What you should do -> The reply should contain only the lines from the start of the records through the line with "With this app, you", reproduced verbatim and without pictures.

[Records from a dataset]
○ ○ ○

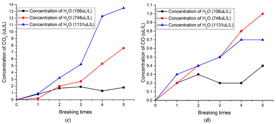 - When H2O was involved in the arc plasma, the main by-products were SOF2, SO2, SO2F2, and HF. At the same time, a small amount of CO2, CO, and H2 was produced. After five breaking experiments, the concentration of SOF2 can reach 1200 ppm, and the concentration of SO2 and CO2 was lower than 20 ppm, while the concentration of CO was lower than 2 ppm. Contrary to the simulation results, SO2F2 and HF were hardly detected in this experiment.
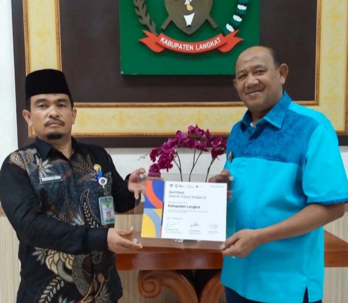 Langkat POL | Pelaksana Tugas (Plt) Bupati Langkat H.Syah Afandin SH Menerima Sertifikat Daerah Fokus Belajar dari Kementerian Pendidikan, Kebudayaan, Riset dan Teknologi (Kemendikbud ristek) RI melalui Co – Kapten Belajar.id Kabupaten Langkat oleh Kadis Pendidikan Kabupaten Langkat DR.H.Syaiful Abdi SH SE MPd, bertempat di Rumah Dinas Bupati Langkat, Kamis (11/5/2023).
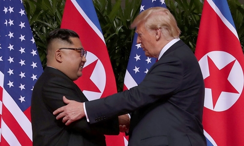 Tháng 3/2018, Triều Tiên gửi lời mời họp thượng đỉnh Trump - Kim đồng thời cam kết "không tiến hành thêm các vụ thử tên lửa hay hạt nhân". Tổng thống Mỹ nhanh chóng nhận lời và cuộc gặp lịch sử diễn ra vào tháng 6/2018 tại Singapore. Đây là lần đầu tiên một tổng thống Mỹ đương nhiệm gặp một lãnh đạo Triều Tiên.Trump và Kim Jong-un bắt tay và mỉm cười với nhau trong bầu không khí thân thiện. Kim nói với Trump thông qua phiên dịch viên rằng: "Tôi nghĩ toàn thế giới đang theo dõi khoảnh khắc này. Nhiều người trên thế giới sẽ nghĩ rằng điều này giống như một bộ phim khoa học viễn tưởng".
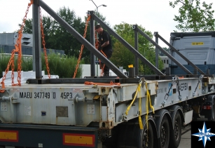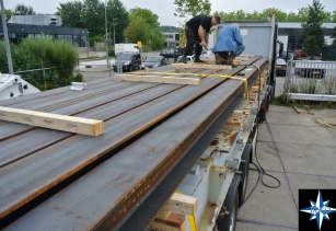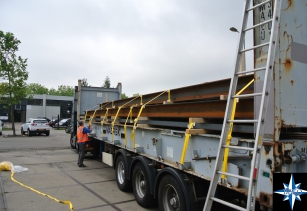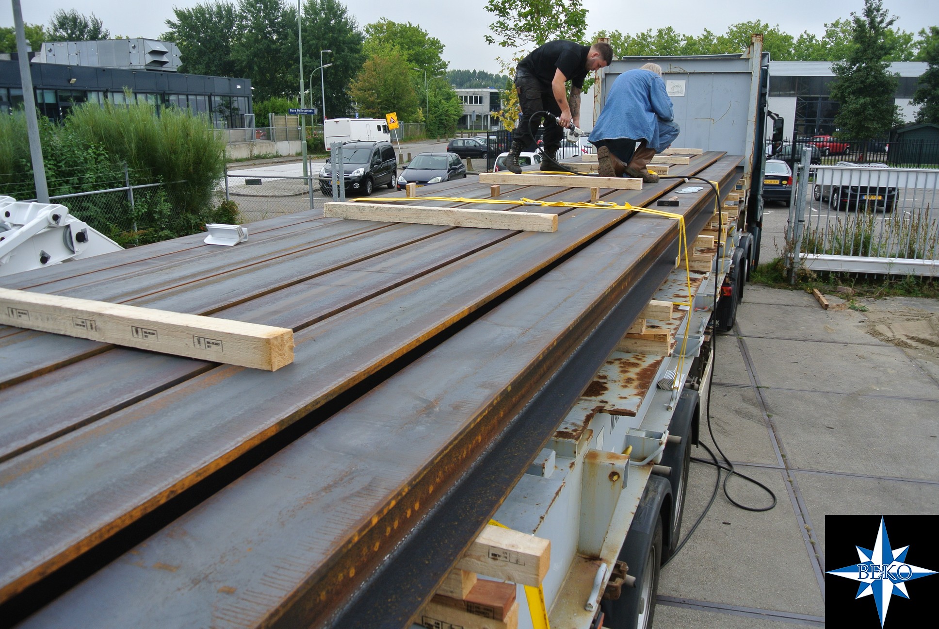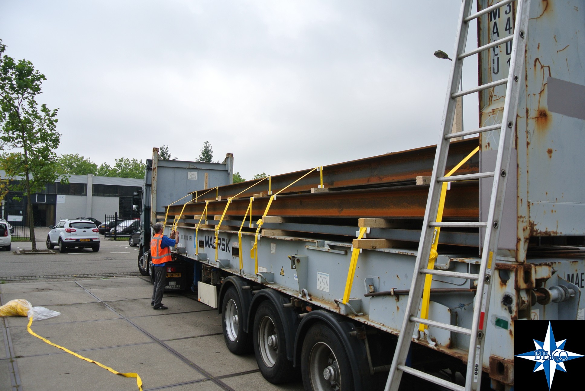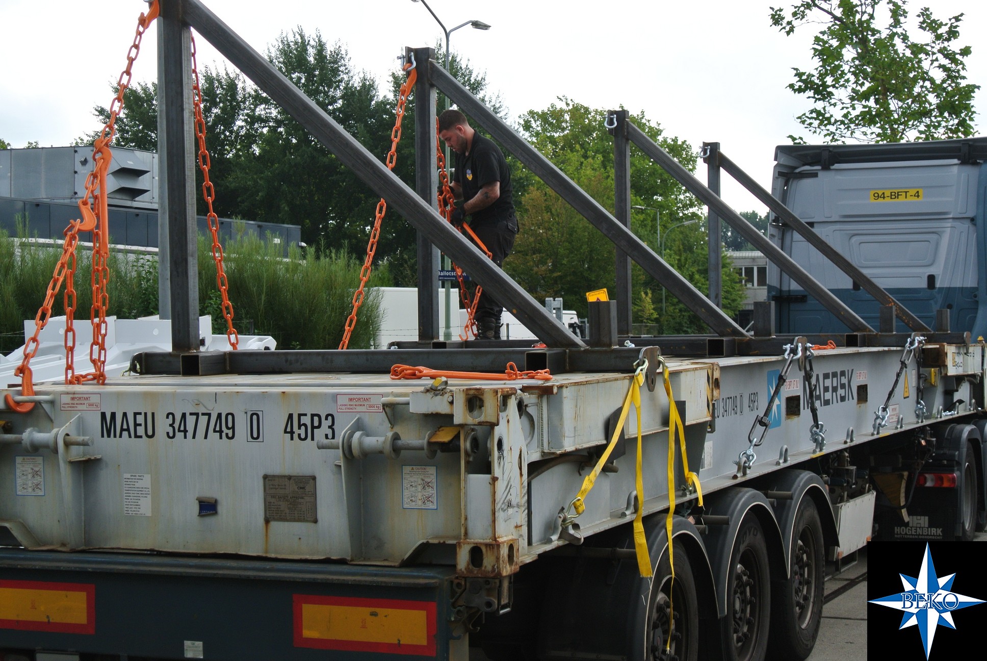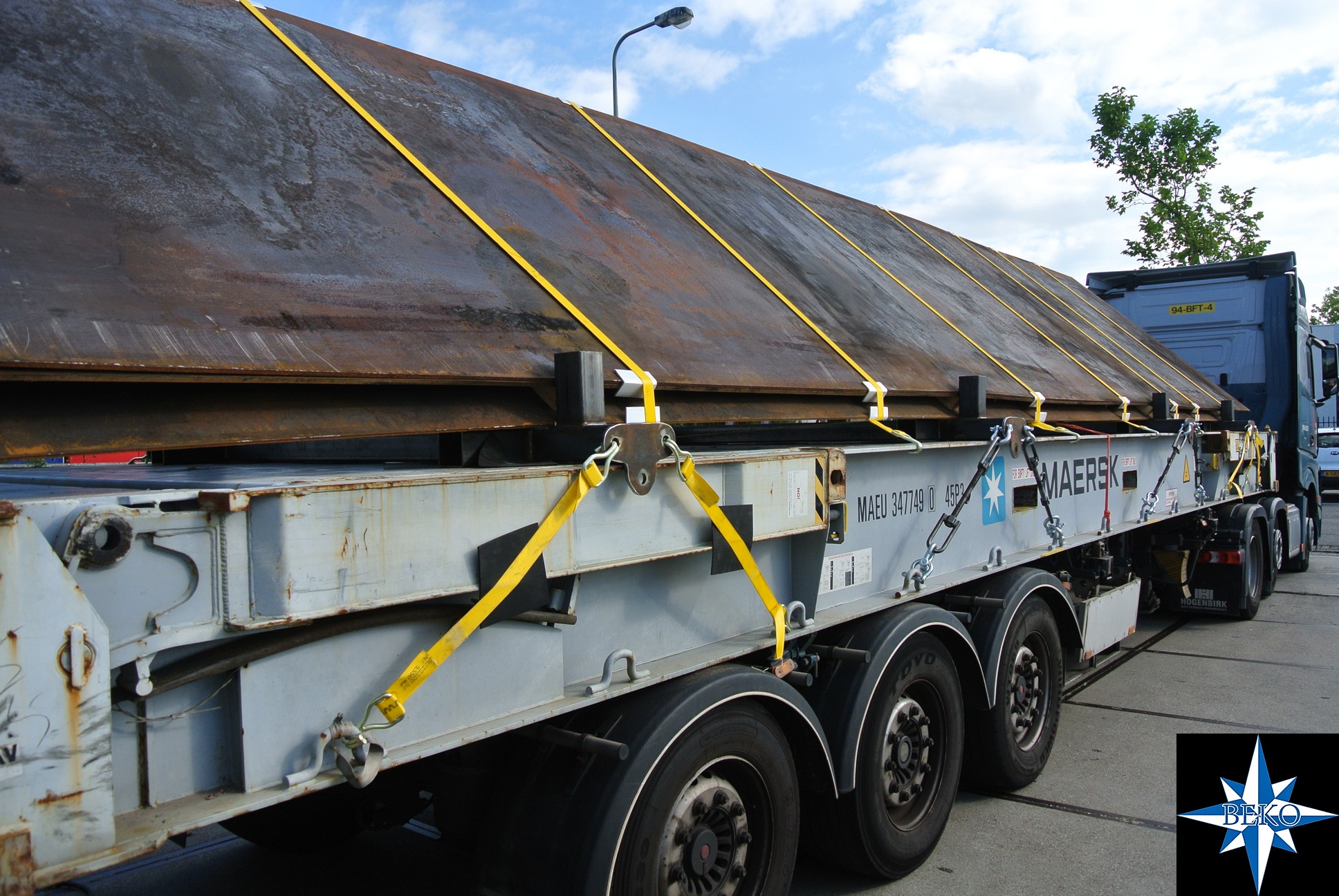 Beko mocht het transport voor een goede relatie verzorgen van 3 x 40’ flats. Vanwege de afmetingen van enkele platen staal konden deze normaal niet op een 40’ flat.
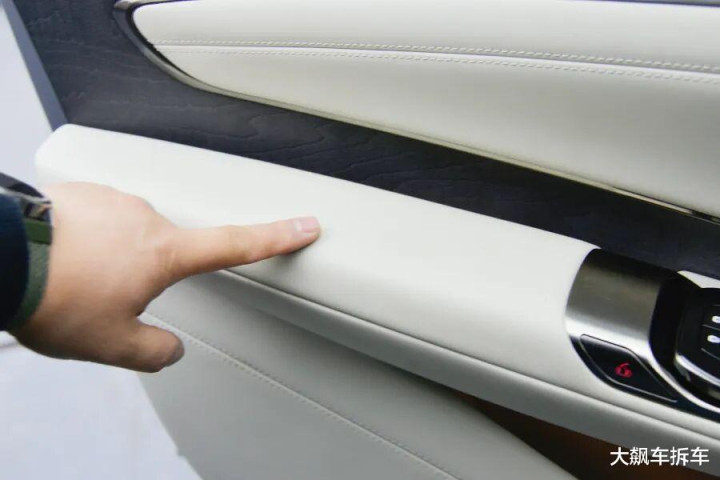 顶棚是翻毛皮材质包裹,车门不仅有软质包裹,就连门槛位置也都是软性材质包裹。同时,车门扶手、中央扶手还有电加热,确实够高级。
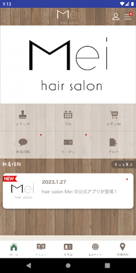 With this app, you can receive new information on "hair salon Mei" and special deals only for app users in real time.
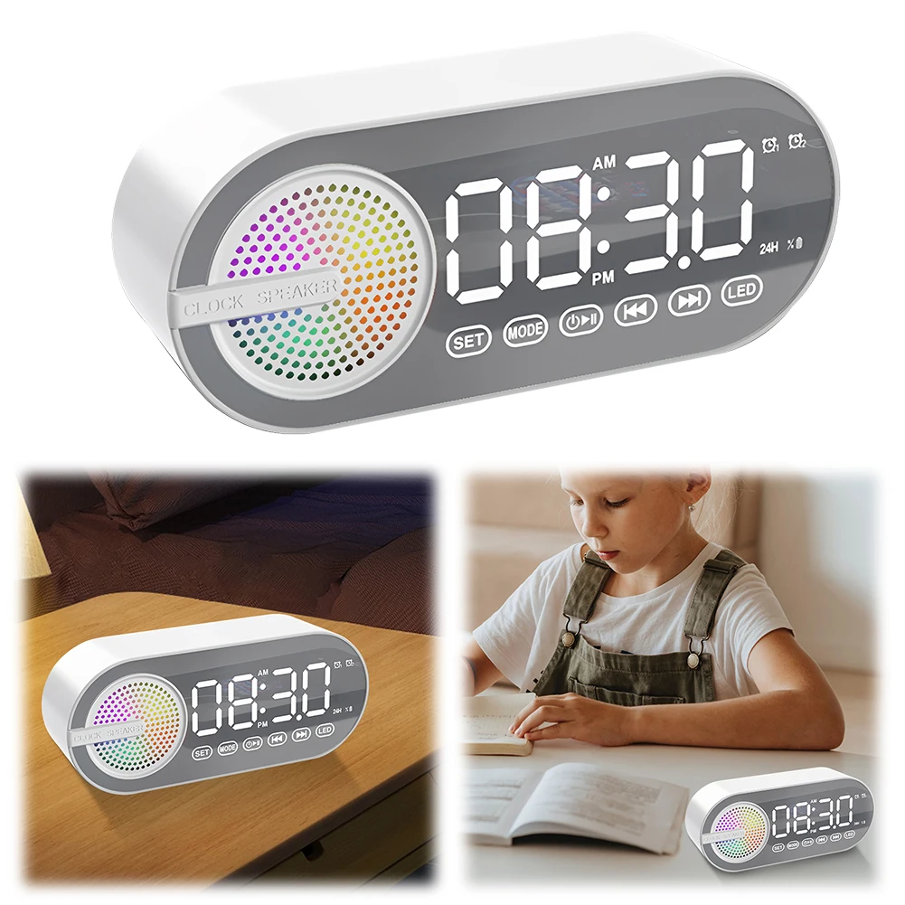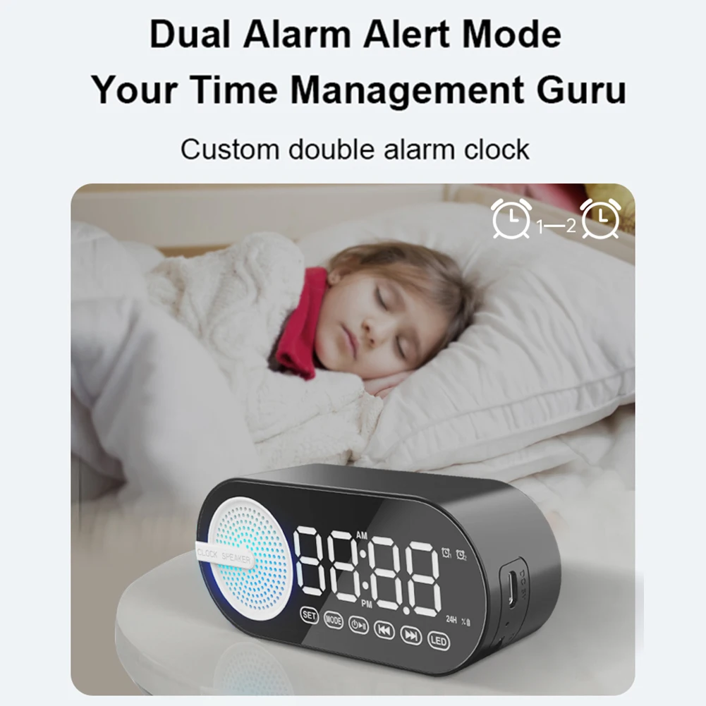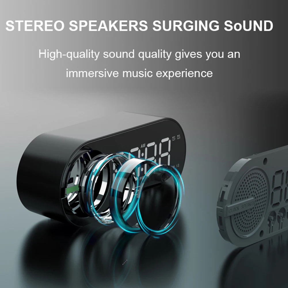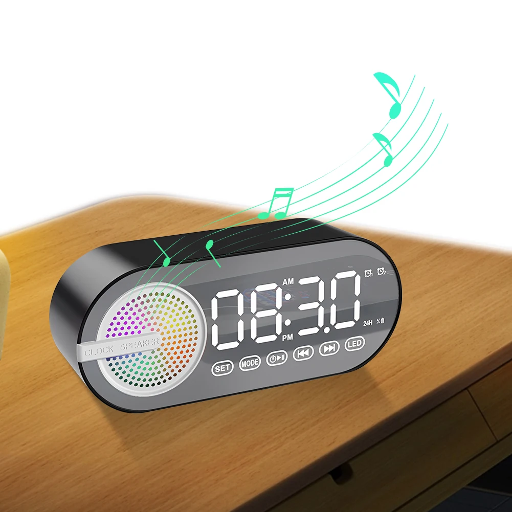 5. Diseño elegante:Equilibrando estilo y función, este reloj despertador con altavoz BT añade un toque de elegancia a cualquier habitación.Su diseño elegante y compacto cabe fácilmente en mesitas de noche, escritorios o estantes, combinando perfectamente con cualquier decoración.La pantalla LED garantiza una visibilidad clara incluso en condiciones de poca luz.

○ ○ ○

Problem solution ->
 - When H2O was involved in the arc plasma, the main by-products were SOF2, SO2, SO2F2, and HF. At the same time, a small amount of CO2, CO, and H2 was produced. After five breaking experiments, the concentration of SOF2 can reach 1200 ppm, and the concentration of SO2 and CO2 was lower than 20 ppm, while the concentration of CO was lower than 2 ppm. Contrary to the simulation results, SO2F2 and HF were hardly detected in this experiment.
 Langkat POL | Pelaksana Tugas (Plt) Bupati Langkat H.Syah Afandin SH Menerima Sertifikat Daerah Fokus Belajar dari Kementerian Pendidikan, Kebudayaan, Riset dan Teknologi (Kemendikbud ristek) RI melalui Co – Kapten Belajar.id Kabupaten Langkat oleh Kadis Pendidikan Kabupaten Langkat DR.H.Syaiful Abdi SH SE MPd, bertempat di Rumah Dinas Bupati Langkat, Kamis (11/5/2023).
 Tháng 3/2018, Triều Tiên gửi lời mời họp thượng đỉnh Trump - Kim đồng thời cam kết "không tiến hành thêm các vụ thử tên lửa hay hạt nhân". Tổng thống Mỹ nhanh chóng nhận lời và cuộc gặp lịch sử diễn ra vào tháng 6/2018 tại Singapore. Đây là lần đầu tiên một tổng thống Mỹ đương nhiệm gặp một lãnh đạo Triều Tiên.Trump và Kim Jong-un bắt tay và mỉm cười với nhau trong bầu không khí thân thiện. Kim nói với Trump thông qua phiên dịch viên rằng: "Tôi nghĩ toàn thế giới đang theo dõi khoảnh khắc này. Nhiều người trên thế giới sẽ nghĩ rằng điều này giống như một bộ phim khoa học viễn tưởng".
 Beko mocht het transport voor een goede relatie verzorgen van 3 x 40’ flats. Vanwege de afmetingen van enkele platen staal konden deze normaal niet op een 40’ flat.
 顶棚是翻毛皮材质包裹,车门不仅有软质包裹,就连门槛位置也都是软性材质包裹。同时,车门扶手、中央扶手还有电加热,确实够高级。
 With this app, you can receive new information on "hair salon Mei" and special deals only for app users in real time.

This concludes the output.